Start with a warm rug underfoot and some nice window treatments, and even if you don’t have shelves, treat the coffee and end/side tables as places to keep some of your personal favorites, including books, vases and any other decor pieces you like.

A pretty throw over a sofa adds a wonderful layer, also.

We would like to turn our garage into a functional room for exercise, painting and maybe even watching TV. I’m trying to figure out how finished this extra space needs to be for comfort and utility, without actually making it a livable space (as no one would sleep in there).

You are first going to need some kind of air-conditioning. If the floors are concrete, you can have them painted in epoxy with some nonslip powder added to it.

Don’t forget lighting. And if the walls are painted, then voila! You have a functional space.

What is a good paint color for a bedroom? I’m starting from scratch. What are some simple bedroom decorating ideas?

If you use the bedroom mostly for shut-eye, you may want to go with something dark. An eggplant color will look gorgeous. If you are like many who use the bedroom for reading, working and many other things, something fresh and light would be good. Farrow & Ball’s Ponting is a nice shade of white with a soft hint of pink and will work well with different colors of the sheets, etc. Decorating the bedroom starts with a great bed, of course, which then needs level side tables, each with its own lamp easily accessible from the bed. An overhead chandelier is useful when you have a switch by the door to flick on when entering a dark room. A bench by the foot of the bed and a club chair to sink into before going to bed would be nice to have if you have the space.

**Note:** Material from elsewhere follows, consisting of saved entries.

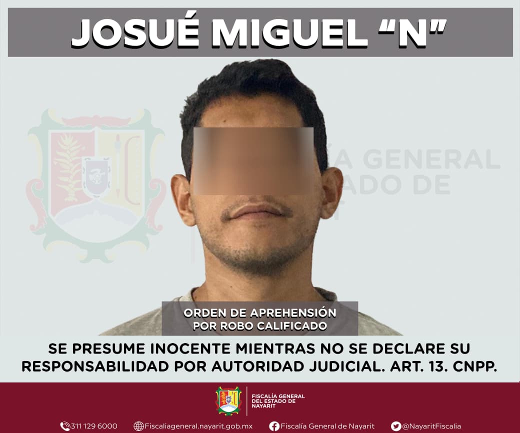 La Fiscalía General del estado de Nayarit informa que elementos de la Agencia de Investigación Criminal ejecutaron una orden de aprehensión contra Josué Miguel “N”, por su probable participación en hechos que la ley tipifica como delito de robo calificado, cometido en menoscabo de una persona de sexo masculino cuya identidad es de carácter reservado para proteger su derecho a la privacidad e integridad.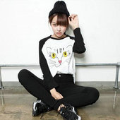 637 2015春裝韓國時尚女裝卡通貓咪胡子插肩袖長袖T恤 打底衫¥10.50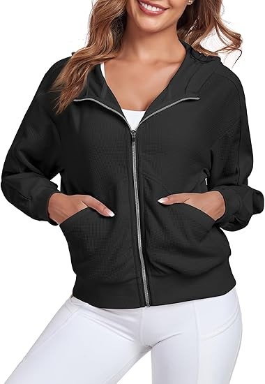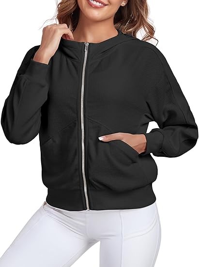 Occasion: Elevate your styling with the Women's zipper oversize jacket, This soft waffle jacket is perfect for indoor or outdoor activities such as workout, running, hiking, walking, climbing, cycling, jogging, fishing, golfing, hunting, skiing, camping Etc.
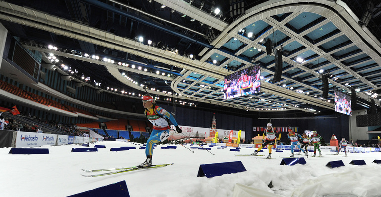 Россиянка Ольга Вилухина заняла пятое место в женском масс-старте на "Гонке чемпионов-2013" в московском спорткомплексе "Олимпийский". Победительницей стала Анастасия Кузьмина, выступающая за Словакию. Россиянин Антон Шипулин выиграл масс-старт в рамках "Гонки чемпионов-2013" в Москве. Второе место занял словенец Яков Фак, третье – швед Бьерн Ферри. Фото - Федор Успенский, "СЭ"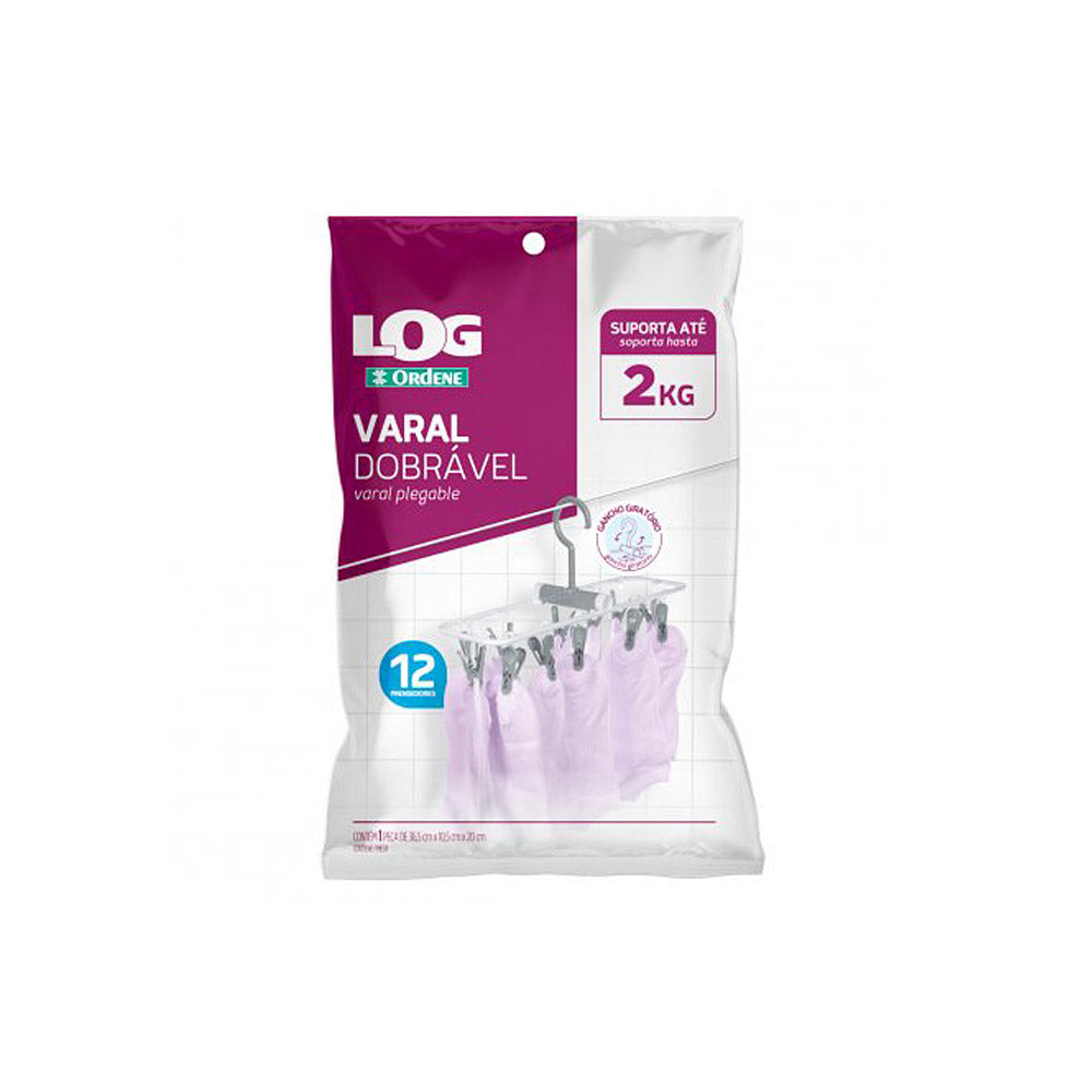 O Varal Dobrável da linha Log conta com 12 prendedores e suporta até 2 kg.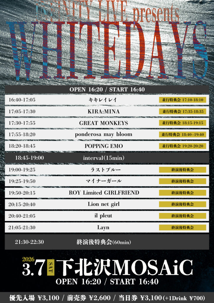 3月7日(土)下北沢MOSAiC『WHITEDAYS』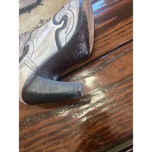 General leather wear. Heel tips may need replacement (cobbler). Price reflects heel replacement if buyer chooses to do so.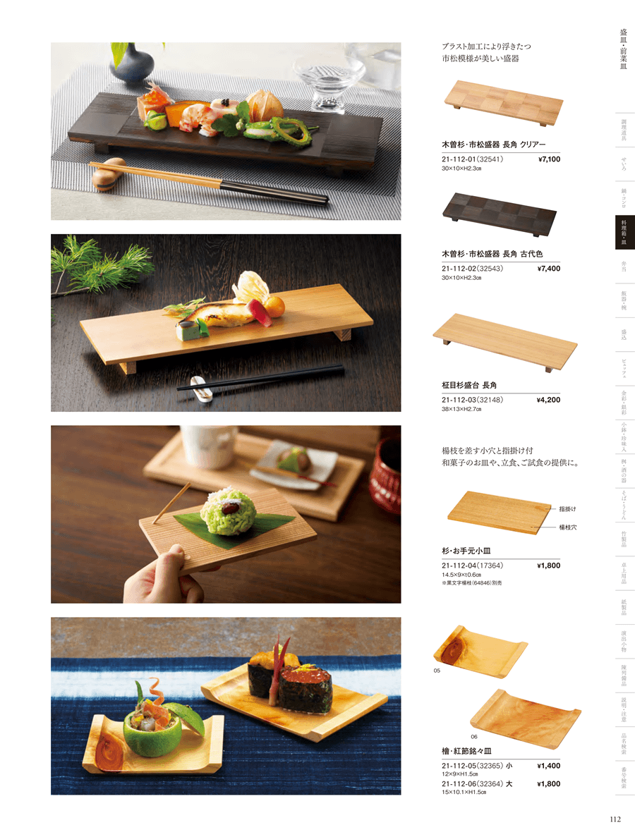| 21-112-01 | 木曽杉・市松盛台(長角)クリアー | 上代 7,100円(税抜) 卸値 4,686円(税抜) (34%OFF) | ||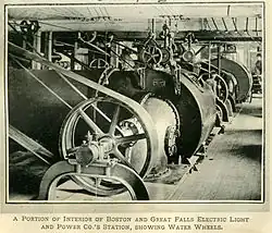 In 1913, Montana Power upgraded Black Eagle Dam to generate more electrical (rather than mechanical) power. It abandoned its second powerhouse on the south bank,[6] and installed two Leffel turbines.[47] The old generators in the first powerhouse were replaced with two new ones capable of generating 1.5 MW each.[47][6][71] Two surge chambers were built in the powerhouse as well, and a penstock connected to each chamber.[6] The refurbished south powerhouse now provided power to the smelter, as well as to the flour mill (which had been converted to electricity).[6]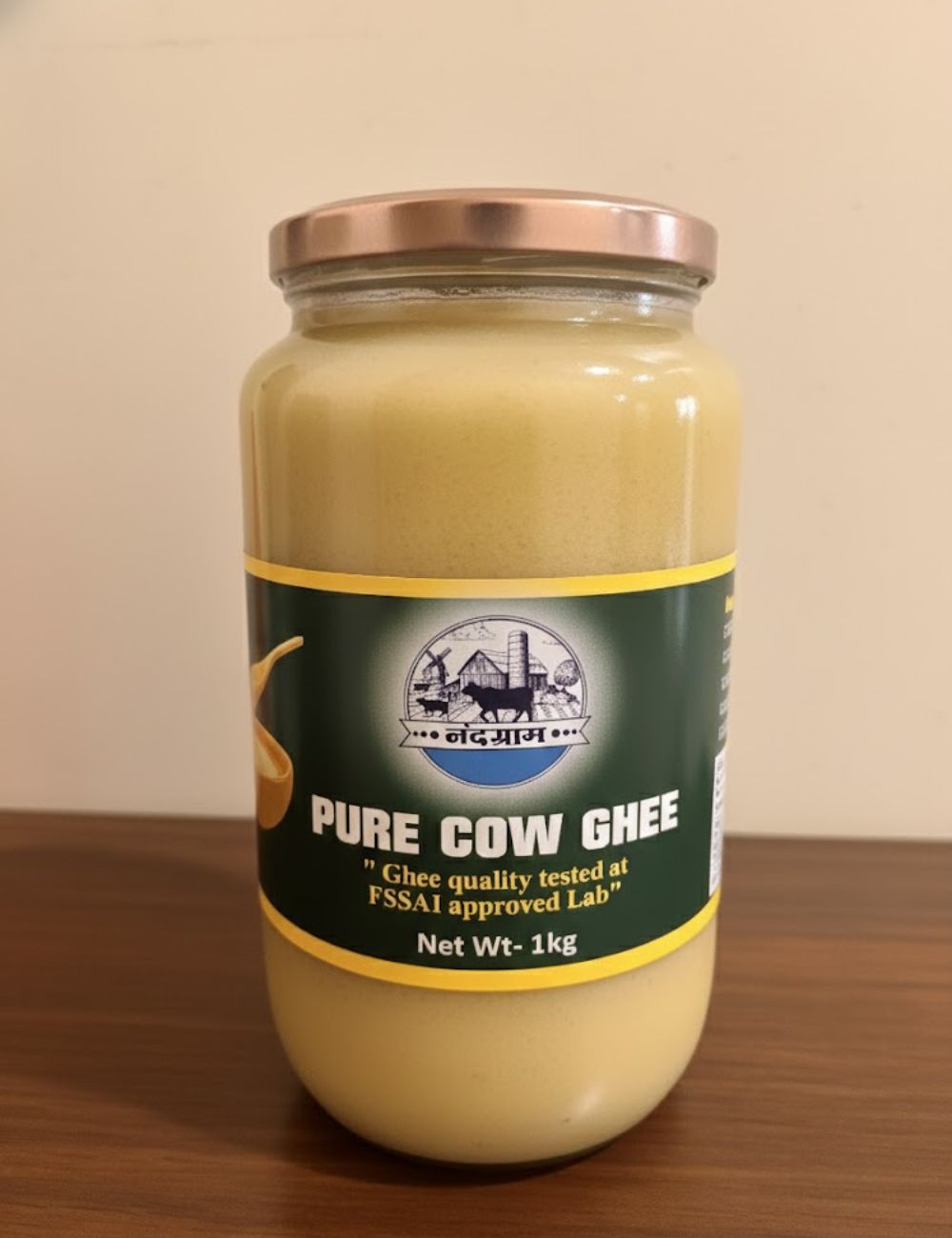 Nandgram Pure Cow Ghee is crafted with care on our own farm using milk from ethically raised, grass-grazing cows that live in a clean and open environment. We follow the traditional Bilona process, where curd is hand-churned to extract butter, which is then slowly heated to produce nutrient-rich ghee.

I just bought a house with lots of windows and a completely open floor plan. Any recommendations for a gray color that would work throughout the space?

Gray Owl, Classic Gray and Wish from Benjamin Moore are all beautiful grays. You could also try these colors to succeed each other through the transition of spaces, because they are all so close in color tone they will blend well yet give a subtle change and light reflection, which will keep the space from looking too static.